On the other hand, if it is determined at step 80 that T ≧ 60 ° C., the routine proceeds to step 84, where it is determined whether or not the cut flag is set. When the cut flag is not set, the routine proceeds to step 85, where it is determined whether or not the idling operation is being performed. For example, when the throttle switch 58 is on and the vehicle speed V is 2 km / h or less, it is determined that the vehicle is idling. If it is determined that the vehicle is idling, step
Proceeding to 86, the target idling rotational speed No is calculated.
Next, at step 87, it is determined whether or not the engine speed N is larger than (No + α). Here, α is a small constant value. When N ≧ of (No + alpha) is the step position ST proceeds to step 90 is decremented by 1, then the routine proceeds to step 83 to step position ST after the idling step position ST _a in step 91. On the other hand, if it is determined in step 87 that N <(No + α), the routine proceeds to step 88, where it is determined whether or not N ≦ (No−α). When N ≦ (No−α), the routine proceeds to step 89, where the step position ST is incremented by one, and then proceeds to step 91. Thus, the engine speed N is controlled to be (No−α) <N <(No + α). On the other hand, the idling step position ST _i is the step position ST proceeds to step 92 when it is judged not idling at step 85. Therefore, when the engine is not idling, the step motor 19 is not operated.
It is held in the idling step position ST _i.

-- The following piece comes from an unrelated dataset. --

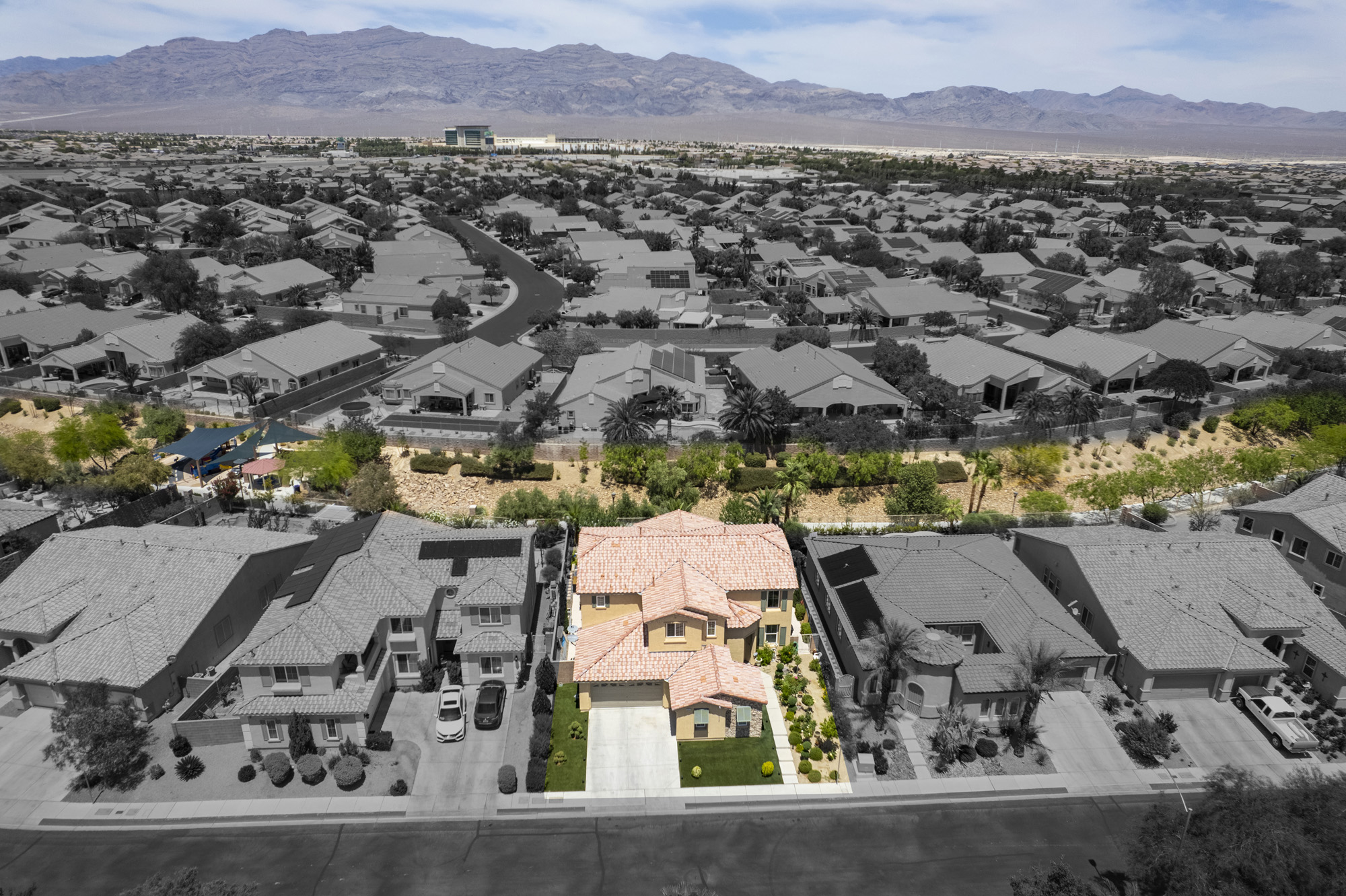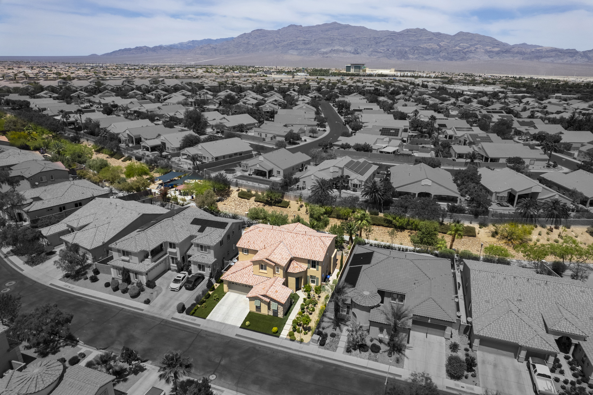 Remarkable, gated 5 bedroom home in the master planned community of Aliante. This property has been meticulously maintained and was recently upgraded inside with all new appliances, granite countertops, and new carpeting.

On the other hand, when it is determined in step 84 that the cut flag has been set, the routine proceeds to step 93, where it is determined whether or not the engine speed N is higher than a fixed value, for example, 2500 rpm. Step when N ≧ 2500r.pm
Proceeding to 94, the vehicle speed V becomes 10 km / from the output signal of the vehicle speed sensor 62.
It is determined whether or not it is faster than h. When V ≧ 10 km / h, the routine proceeds to step 95, where the step position ST is set to the maximum step position MAX. Therefore, at this time, both the control valve 29 and the air assist control valve 30 are fully opened. On the other hand, when the cut flag is set, N <2500r.
When pm or V <10 km / h, or when the cut flag is reset, the routine proceeds to step 95, where the control valve 29 is controlled.
Is is completely closed, air assist control valve 30 is made to closed until opening degree corresponding to the idling step position ST _i.

[0020]

The fuel accumulated in the air assist passage can be completely discharged into the intake passage by increasing the opening of the air assist control valve during the deceleration operation. You can prevent it from getting corrupted.

[Brief description of the drawings]

FIG. 1 is an overall view of an internal combustion engine.

FIG. 2 is an enlarged side sectional view of a bypass control valve.

FIG. 3 is a diagram showing an opening degree of a pair of control valves provided in a bypass control valve.

FIG. 4 is a flowchart for controlling a cut flag.

FIG. 5 is a time chart.

FIG. 6 is a flowchart for controlling a bypass control valve.

[Explanation of symbols]

 13 ... air assist chamber 14 ... fuel injection valve 15 ... fuel air injection port 16 ... air assist passage 17 ... bypass control valve 26 ... throttle valve 30 ... air assist control valve

Claims (1)

(57) [Claims] A fuel injection valve for injecting fuel toward an intake passage downstream of the throttle valve, wherein an air assist passage is branched from the intake passage upstream of the throttle valve and air assist is provided in the air assist passage; In an internal combustion engine in which a control valve is arranged and air is ejected from the air assist passage toward fuel injected from the fuel injection valve, the air assist control valve is partially opened during idling operation after completion of warm-up. And the opening degree of the air assist control valve is set to be larger than the opening degree in the partially opened state during the deceleration operation after the completion of the warm-up.